We've tested this a couple of times and it seems like the game still takes too long.  It plays in about 2 hours, which feels like too long for the amount of stuff that you actually get to do and the significant role that luck plays in the game.  While some of this can be attributed to new/slow player effects, the turns don't seem to get faster.

A couple of simple-ish changes might help with this.

- Better dice.  Currently the 'success' die has three 'success' faces, and the 'whammy' die has two 'whammy' faces.  Even when you're rolling two or three of each die, it's not unusual to have a couple of rolls in a row that produce little or no progress, so it often takes six or seven rolls to reach an outcome on the encounter track.  For four players over seven or eight turns outside the temple, that's a lot of rolls in total, and maybe we just need to get the absolute number of rolls down.  Simply having more 'success' faces could accelerate things.  I also think we could change the meaning of the 'whammy' result.  It could be that there is a single 'enemy pawn', and when you get a 'whammy' result, it moves one space closer to your city.  If it reaches your city, [bad thing] happens, so there's some tension in the enemy getting closer and closer.  Details are TBD but this may be promising.
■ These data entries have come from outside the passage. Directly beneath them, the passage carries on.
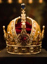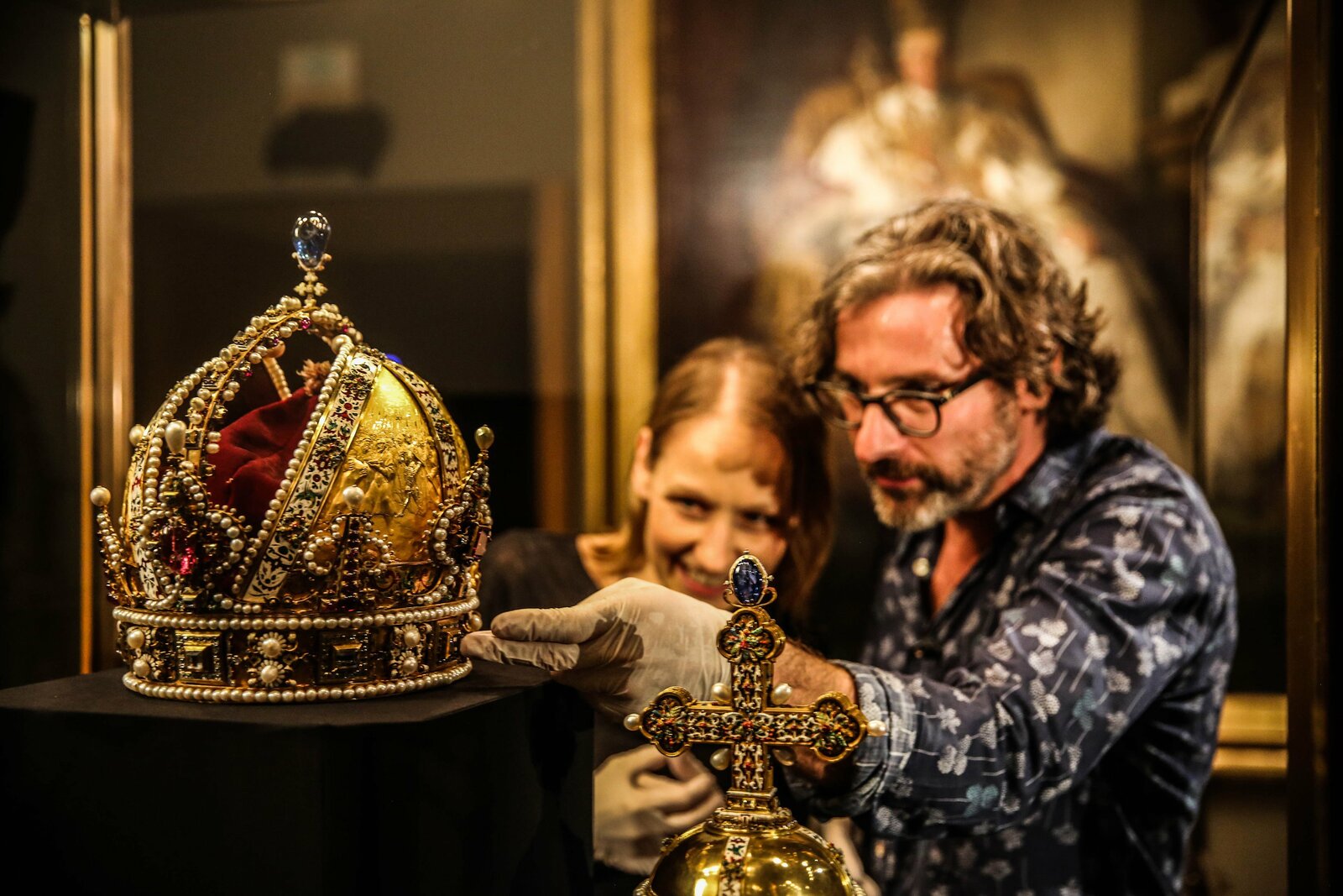 Die RudolfskroneRestauratorin Helene Hanzer und Kurator Paulus Rainer mit der Rudolfskrone.Bild: © ORF/pre tv/Katalin Hanappi
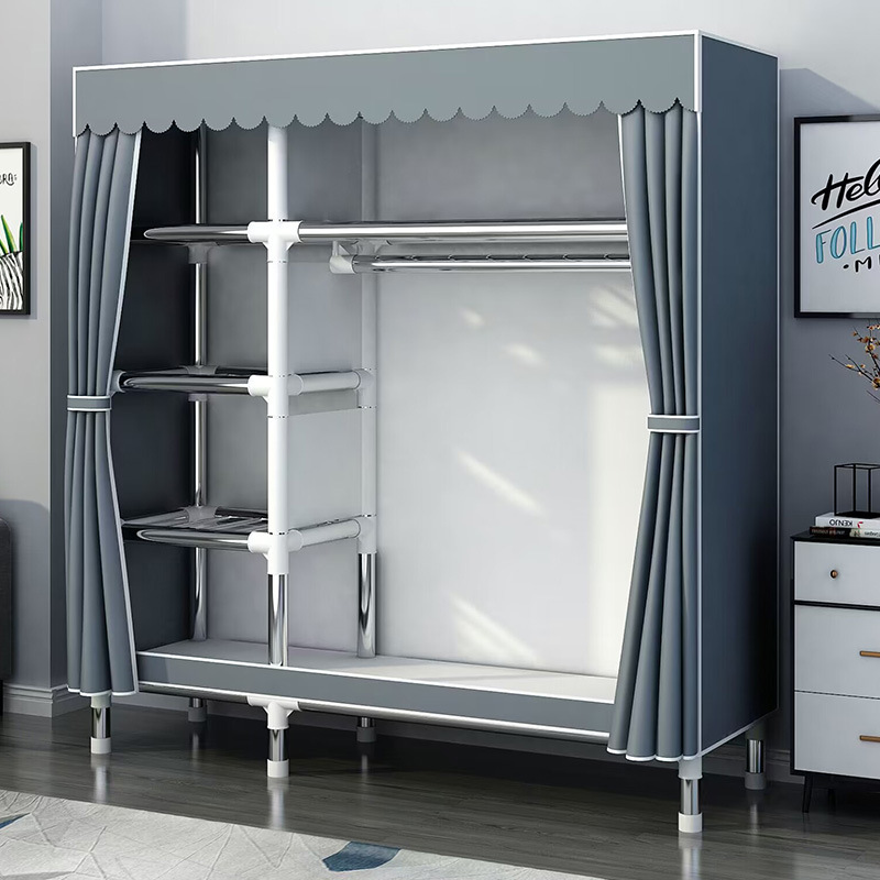 Amazonクロスボーダーワードローブホームベッドルームシンプルな組み立て布ワードローブレンタルルーム用鋼管厚く強化された寮
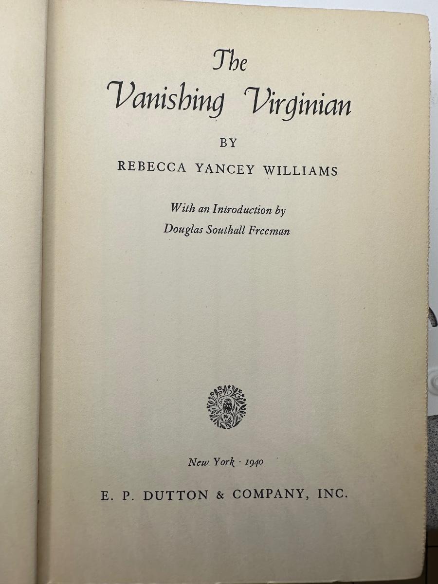 SIGNED from 1940, The Vanishing Virginian, By: Rebecca Yancey Williams

- No dice in the temple.  I had been thinking that all three phases of the game (external, temple, hubris challenge) needed to have dice-based challenges so that the mechanics all felt like they hung together.  But I am starting to think that in the temple, we can get away with just a quick knowledge check style of resolution rather than a die resolution for each card.

The problem is that in v12, having knowledge means you get the right gear which means you roll more dice which means your odds of passing the cards quickly are improved.  To make this work in a strict knowledge-check system, what might work is that each temple card has three 'paths', two of which contain a whammy (one is worse than the other), and the third contains a shortcut if you have the right equipment card.  At the start of the card everyone picks a path (A, B, or C), then reveal the card to see whether you picked the 'right' path.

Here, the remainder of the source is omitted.